• [EXERCISE INPUT]
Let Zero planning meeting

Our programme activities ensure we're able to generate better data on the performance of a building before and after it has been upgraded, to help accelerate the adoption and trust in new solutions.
...
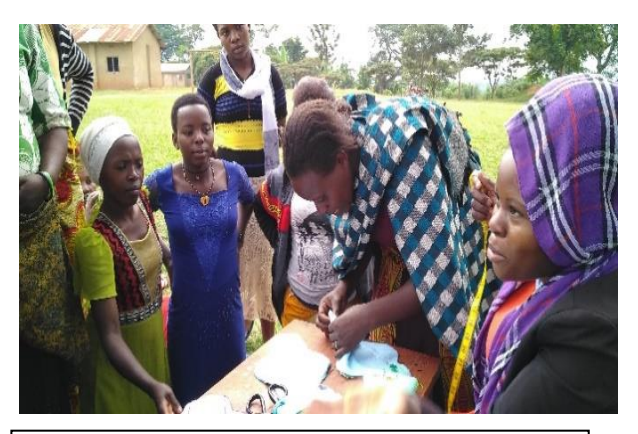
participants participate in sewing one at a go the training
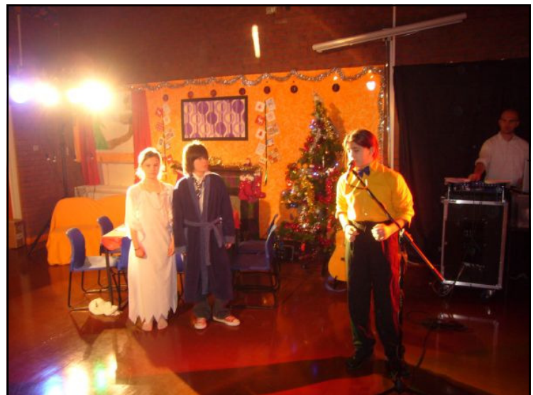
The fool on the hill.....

• [YOUR GOAL]
Print an exact copy of the lines above, from the one containing "participants participate in" through the one containing "The fool on the hill.....", and leave out the pictures.

• [RESPONSE TO THE TASK]
participants participate in sewing one at a go the training
The fool on the hill.....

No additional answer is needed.